Mobile Malware Skyrockets, Led by Android

"What happens when anyone can develop and publish an application to the Android Market? A 472% increase in Android malware samples since July 2011." A study by The Global Threat Center over at Juniper Networks details mobile attacks that are increasing both in numbers and sophistication. This contrasts to the iPhone, more secure in part due to Apple's proprietary hold over the platform through its review process.

AV Vendors Detect On Average 19% Of Malware Attacks

Traditional AV vendors continue to lag behind online criminals when it comes to detecting and protecting against new and quickly evolving threats on the Internet, according to a report by Cyveillance. Testing shows that even the most popular AV signature-based solutions detect on average less than 19% of malware threats. That detection rate increases only to 61.7% after 30 days. Even after 30 days, many AV vendors cannot detect known attacks.

Market Share and Malware Attention

AVG has launched free security software for Mac OS X, which includes tools for Safari and Firefox.

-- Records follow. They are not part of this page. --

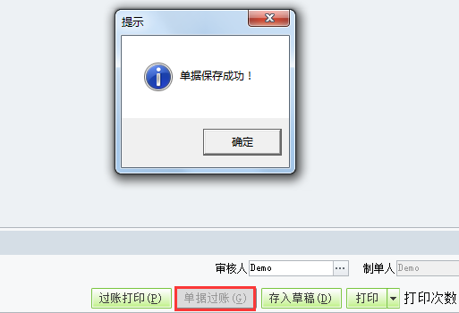 3、确认单据资料无误之后点击单据过账,提示单据保存成功即可。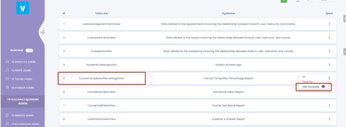 Seçtiğim rapora gidiyoruz, üç nokta – veri güncelle diyoruz. Verileri karşı tarafa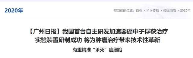 2020年8月,中科院高能物理研究所在广东东莞成功研发出我国首台加速器硼中子俘获治疗实验装置。这标志着我国BNCT技术研发取得重大突破。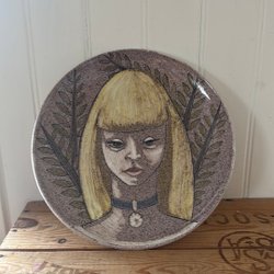 Stort fat med räfflad yta. Ser ut som en snäcka. Fatet är märkt med "934" på undersidan. Tror det kommer från Gefle. Färg Ljung mot rosa. 23 cm brett där det är som bredast. 36 cm långt. Jag ser inte något nagg.

AVG's CEO JR Smith, says, "Mac users have traditionally been less vulnerable to attacks because of their lower market share, but that is quickly changing." That's the age-old question of to what extent the scourge of malware on Windows is a symptom of Microsoft's sloppy security decisions vs. due to Windows' popularity and the fact that malware authors can get "more bang for their buck" targeting the most popular platform.

Linux IRC Server Gets Trojan, Press Harps On Linux Security

Recently, the Linux version of UnrealIRCd was discovered to have had a Trojan worm its way into the source code. Even more embarrassing for the developers of Unreal is that the Trojan's been holding open the backdoor in the source code since November of 2009-- not very recently. And, of course, bloggers and press in general are taking the opportunity of another breach in Linux security to point out doomsday devices that don't really exist.

New Windows Attacks Outsmart Anti-virus

According to The Register, "Researchers say they've devised a way to bypass protections built in to dozens of the most popular desktop anti-virus products, including those offered by McAfee, Trend Micro, AVG, and BitDefender. The method, developed by software security researchers at matousec.com, works by exploiting the driver hooks the anti-virus programs bury deep inside the Windows operating system. In essence, it works by sending them a sample of benign code that passes their security checks and then, before it's executed, swaps it out with a malicious payload."